Cartina piena di errori  Il Teatro Bibiena è a Lecco?
Così Lecco scopre di avere rubato a Mantova il Teatro Bibiena

Cartina piena di errori

Il Teatro Bibiena è a Lecco?

Il caso Realizzata nel progetto Cult City, la mappa sbaglia perfino la sede dell’ufficio turistico. Nomi di rioni errati (Lorca) e segnalazioni imprecise

È la nuova cartina della città di Lecco realizzata nell’ambito del progetto Cult City da Regione Lombardia e Comune di Lecco. Ce l’ha fornita una struttura ricettiva che è trasalita nel scorrerla. L’intento della cartina è lodevole, ma la realizzazione “migliorabile”. È, infatti, un guazzabuglio di errori che fanno davvero poco onore alla città manzoniana. Alcuni veniali (refusi, come scrivere 58k e poi m, invece di 58 km) e altri davvero incredibili.
Come il teatro Bibiena di Mantova, che viene collocato a Lecco, al posto del Teatro della Società (peraltro chiuso per lavori)

Infopoint errato

Il più importante è sbagliare la posizione della prima cosa che un turista cerca in una città che non conosce: l’ufficio turistico. Sulla nuova cartina distribuita alle strutture ricettive e rintracciabile anche all’Infopoint di Palazzo delle Paure, infatti, l’Infopoint stesso è segnato in via Nazario Sauro, sede della vecchia Apt, Agenzia di promozione turistica, e non, appunto, in piazza XX Settembre. Poco conta che, nel retro, l’indirizzo sia segnato correttamente. Stando sempre al lato cartina, la funivia per Erna è segnata in direzione San Martino e sotto la scritta di un fantomatico quartiere lecchese “Lorca”. A meno che, mandando i turisti verso Nord Ovest, non si volesse indicare i Piani di Bobbio… L’area camper, che si trova ai lati di viale Brodolini, all’incrocio con via Toscanini, viene indicata a partire da viale Valsugana, la parallela di viale Brodolini. Per un turista sarebbe quasi impossibile trovare quest’area a partire da un’indicazione del genere. Bellissima, poi, l’indicazione del lido/piscina verso le Caviate (si intendeva indicare l’Orsa Maggiore?) quando viene completamente dimenticata la piscina comunale del Bione che viene indicata solamente come sede di una stazione del Bike Sharing.
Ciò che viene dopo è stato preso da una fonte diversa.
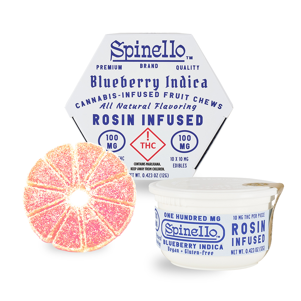 Enjoy Spinello! Served in a stay fresh case, our delicious Blueberry Indica fruit chews are infused with premium live rosin in an easy dose, break-away gummy. Vegan, gluten free, and made with all natural flavors, each fruit chew contains 10mg THC per serving, with 100mg THC total per package. Taste the difference today.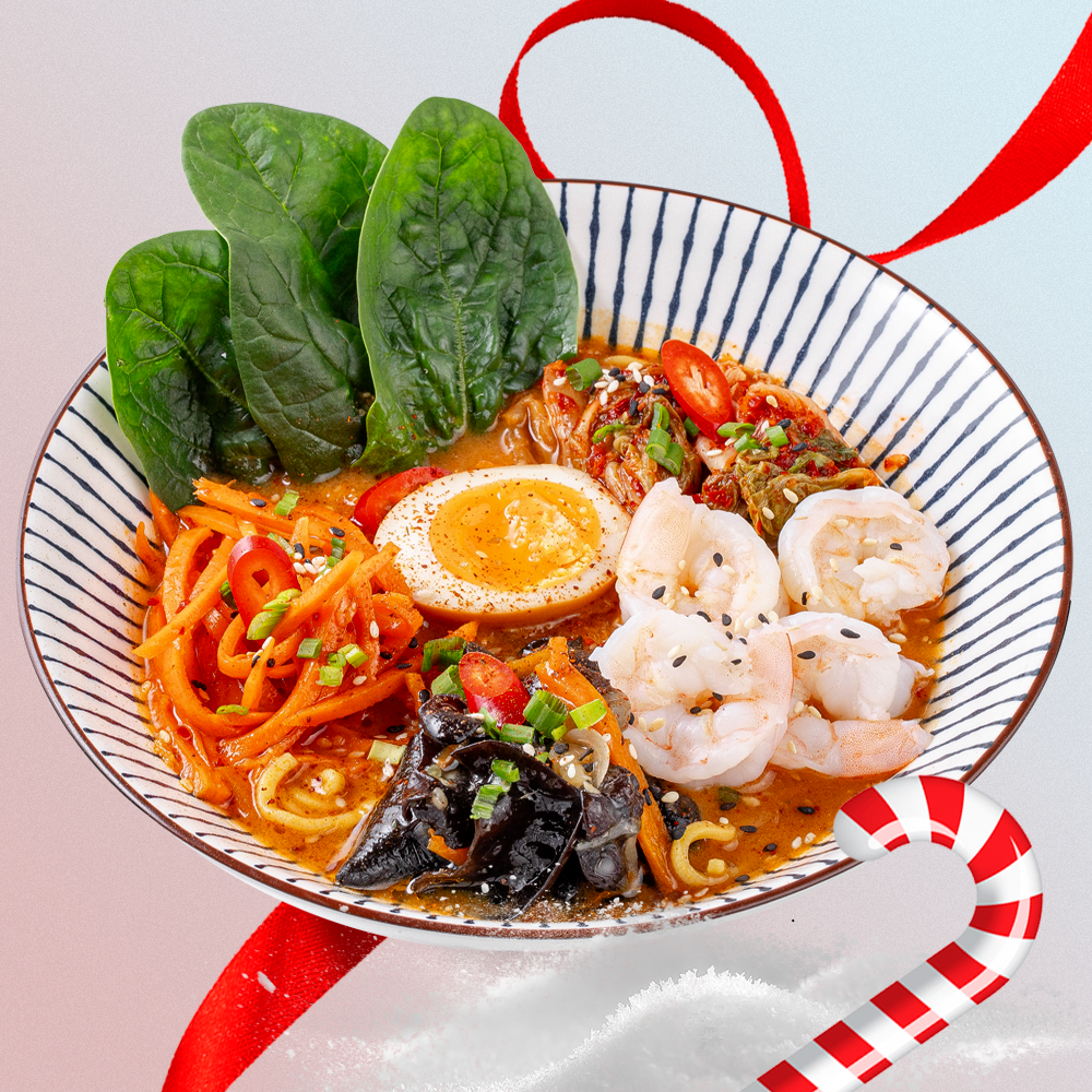 Лапша рамен, бульон рамен мисо, яйцо маринованное, морковь по-корейски, грибы моэр, пекинская капуска кимчи, шпинат, кунжут, зеленый лук, перец чили, креветки

Fermandosi, la cartina, al Bione, non si ha poi l’esatta contezza di dove la pista ciclabile, che parte da piazza Era a Pescarenico, vada a finire. E, naturalmente, non è dato sapere, per un turista, dell’esistenza dell’unico camping di Lecco (cosa poco turistica?). Stiamo però parlando di una cartina che parla di una città “d’arte”, ovvero di monumenti, chiese, cimiteri storici. Ebbene, proprio a questo proposito non si capisce poi perché il Santuario di Santa Maria Gloriosa (Rancio) venga indicato a partire da via Moneta, ovvero dalla strada dietro alla chiesa dei Santi Gervaso e Protaso di Castello (della quale non viene fatta alcuna menzione, peraltro, pur essendoci al di fuori di essa la statua storica di San Giovanni Nepomuceno, di importanza storica).

Altre imprecisioni

Così pure il cimitero di Laorca (non Lorca), viene indicato da Castello in direzione Nord Ovest, ma sarebbe stato molto meglio mostrare quella parte della città (Rancio, Laorca, San Giovanni), che viene indicata ma poi non la si può trovare nella mappa. Meglio sarebbe stato, allora, indicare solamente il centro storico. Così non si fa un buon servizio al turista che viene genericamente direzionato ma non sa, poi, come fare a raggiungere i quartieri e i monumenti o gli edifici indicati. Ma gli errori, o le incongruenze, sono molte altre: viene indicato un parcheggio intorno allo stadio, ma è quello del bocciodromo a uso pubblico sì, ma di pertinenza del circolo della Scherma e della Ginnastica Gal. Naturalmente dello stadio Rigamonti-Ceppi, nessuna menzione. Come, ma è una precisa scelta, nessuna menzione si fa dei parchi pubblici.